Work request ▸
For this exercise, copy the records below exactly and exclude every image.

Exercise inputs ▸
━━━━━━━━━━━━━━━━━━━━

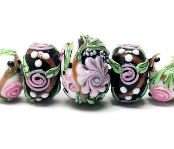 Bring energy and celebration to your designs with this strand of handmade lampwork rondelle beads. Featuring a bold black base adorned with vibrant fiesta-inspired colors, these beads radiate fun and joy. The graduated sizes add a dynamic flow, perfect for creating striking centerpieces or balanced jewelry sets.
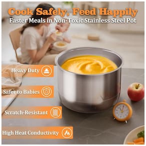 Versatilidade DualPot: Alterne facilmente entre a panela premium de aço inoxidável 304 para refeições substanciais e a panela de cerâmica antiaderente para pratos delicados, tudo em uma única panela. Potência de Cozimento Turbo: 1,7x a pressão atmosférica desbloqueia resultados de qualidade de restaurante em uma fração do tempo - um cozido macio em apenas 40 minutos contra 2 horas no fogão! Maestria Culinária 12 em 1: Cozinhe à pressão, ensopados, arroz, refogue, asse e muito mais - perfeito para tudo, desde arroz soltinho até sobremesas decadentes. Segurança Inteligente, Controle Sem Esforço: Sistema de liberação de vapor mais seguro com desligamento automático. Proteção contra superaquecimento para operação sem preocupações. Trava de tampa com um toque para uso intuitivo. Limpeza? Feita em Segundos: Tanto as panelas quanto a tampa são seguras para lava-louças - sem esfregar, sem complicações. Refeições Planejadas Perfeitamente: Programe e esqueça! Início com atraso de 24 horas garante refeições quentes exatamente quando deseja. Inspiração de Receitas Bônus: Estimule sua criatividade com um livro de receitas repleto de receitas globais.
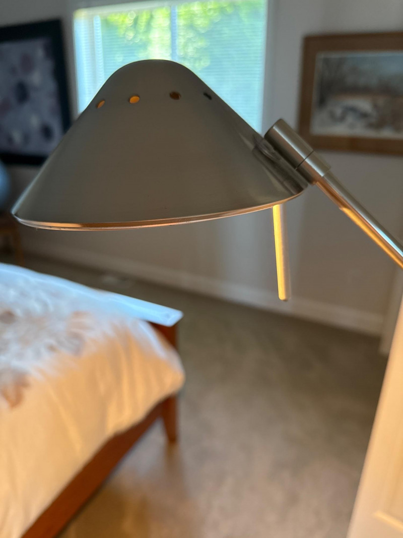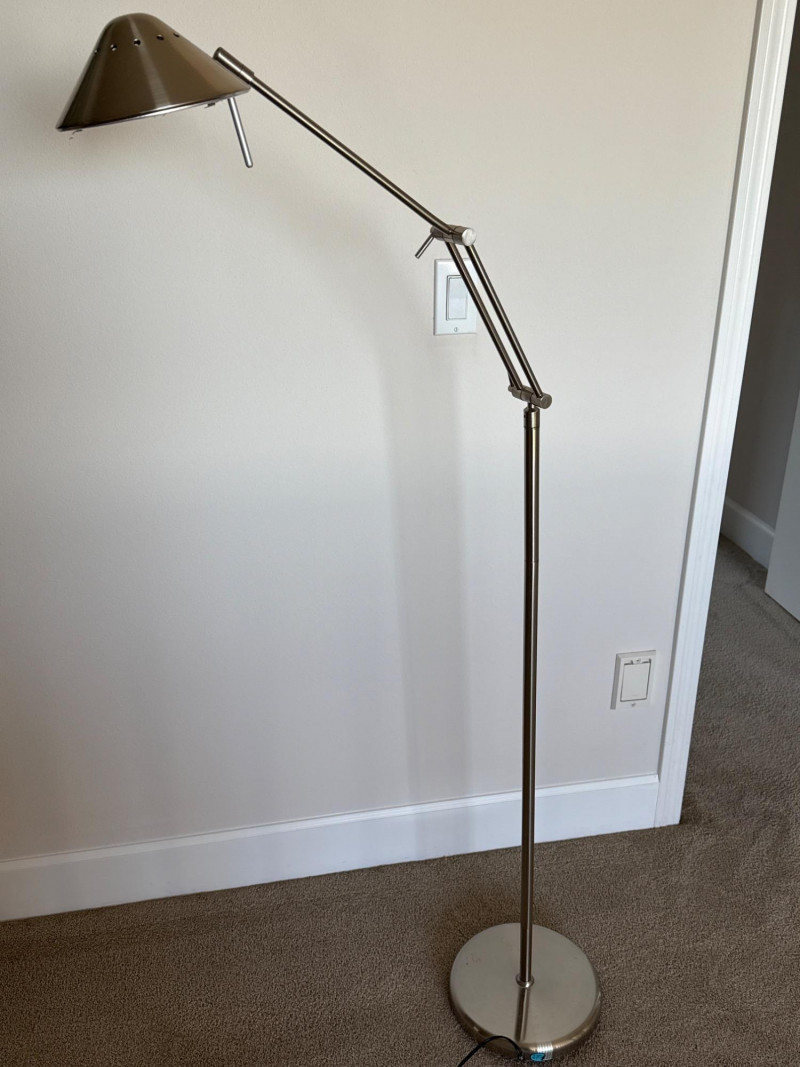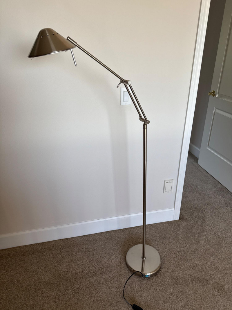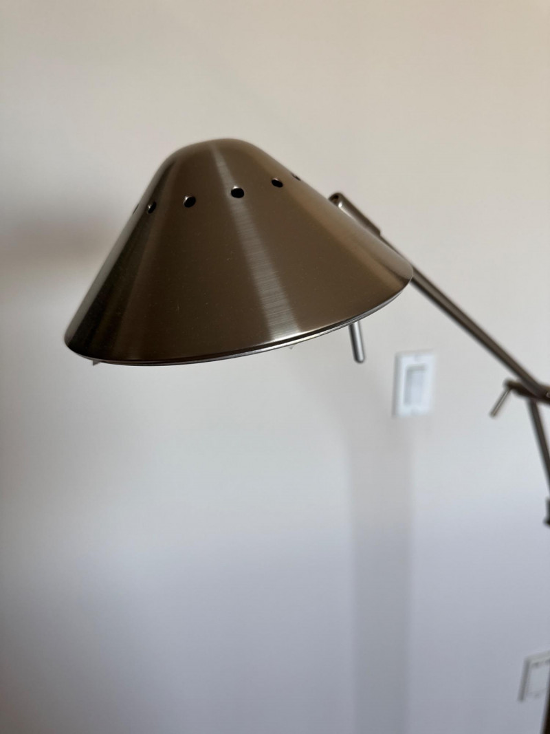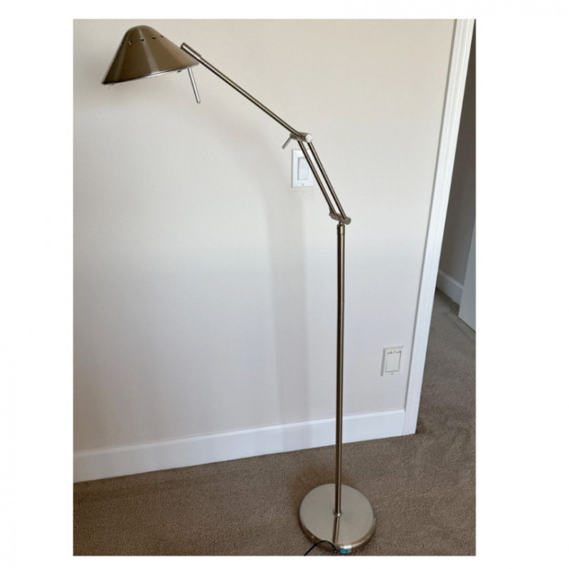 Modern Adjustable Chrome Floor Lamp Chrome-finished floor lamp with adjustable arm and conical shade. Features a pivoting head and articulating joints for directional lighting. Minimalist design with a round weighted base and floor switch.
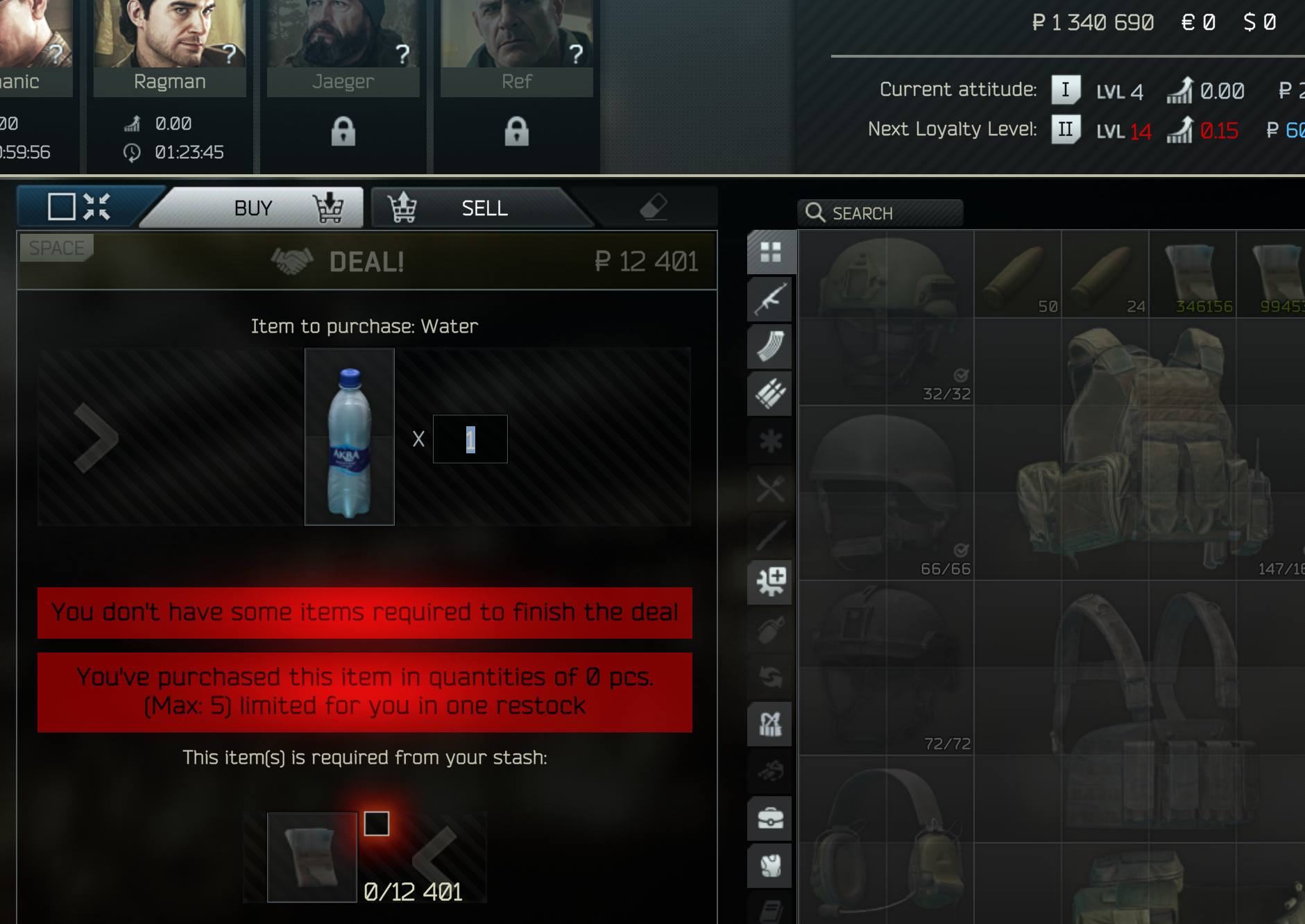 >>50477363 По-хорошему трейдеров вообще убрать нахуй, т.к. игра про то что ты в охваченной гражданской войной стране с риском для жизни добываешь необходимое для жизни барахло во время вылазок. И тут ты такой "Та ну нахуй, не пойду никуда, просто у Эльвиры все эти ключи ебаные куплю..."
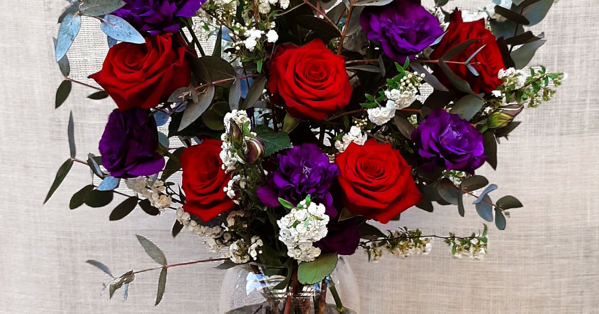 Pueden contener : Rosas rojas, Liliums Rojos, Alelies Blancos y violetas, Ornitogalum y un delicado follaje de eucalipto. Las flores pueden variar de acuerdo a la estación y disponibilidad en el mercado . Sin embargo, el concepto detrás de “ Reina de Fuego ” está presente en todas sus versiones.

━━━━━━━━━━━━━━━━━━━━

Result for this exercise ▸
 Bring energy and celebration to your designs with this strand of handmade lampwork rondelle beads. Featuring a bold black base adorned with vibrant fiesta-inspired colors, these beads radiate fun and joy. The graduated sizes add a dynamic flow, perfect for creating striking centerpieces or balanced jewelry sets.
 Versatilidade DualPot: Alterne facilmente entre a panela premium de aço inoxidável 304 para refeições substanciais e a panela de cerâmica antiaderente para pratos delicados, tudo em uma única panela. Potência de Cozimento Turbo: 1,7x a pressão atmosférica desbloqueia resultados de qualidade de restaurante em uma fração do tempo - um cozido macio em apenas 40 minutos contra 2 horas no fogão! Maestria Culinária 12 em 1: Cozinhe à pressão, ensopados, arroz, refogue, asse e muito mais - perfeito para tudo, desde arroz soltinho até sobremesas decadentes. Segurança Inteligente, Controle Sem Esforço: Sistema de liberação de vapor mais seguro com desligamento automático. Proteção contra superaquecimento para operação sem preocupações. Trava de tampa com um toque para uso intuitivo. Limpeza? Feita em Segundos: Tanto as panelas quanto a tampa são seguras para lava-louças - sem esfregar, sem complicações. Refeições Planejadas Perfeitamente: Programe e esqueça! Início com atraso de 24 horas garante refeições quentes exatamente quando deseja. Inspiração de Receitas Bônus: Estimule sua criatividade com um livro de receitas repleto de receitas globais.
 Modern Adjustable Chrome Floor Lamp Chrome-finished floor lamp with adjustable arm and conical shade. Features a pivoting head and articulating joints for directional lighting. Minimalist design with a round weighted base and floor switch.
 >>50477363 По-хорошему трейдеров вообще убрать нахуй, т.к. игра про то что ты в охваченной гражданской войной стране с риском для жизни добываешь необходимое для жизни барахло во время вылазок. И тут ты такой "Та ну нахуй, не пойду никуда, просто у Эльвиры все эти ключи ебаные куплю..."
 Pueden contener : Rosas rojas, Liliums Rojos, Alelies Blancos y violetas, Ornitogalum y un delicado follaje de eucalipto. Las flores pueden variar de acuerdo a la estación y disponibilidad en el mercado . Sin embargo, el concepto detrás de “ Reina de Fuego ” está presente en todas sus versiones.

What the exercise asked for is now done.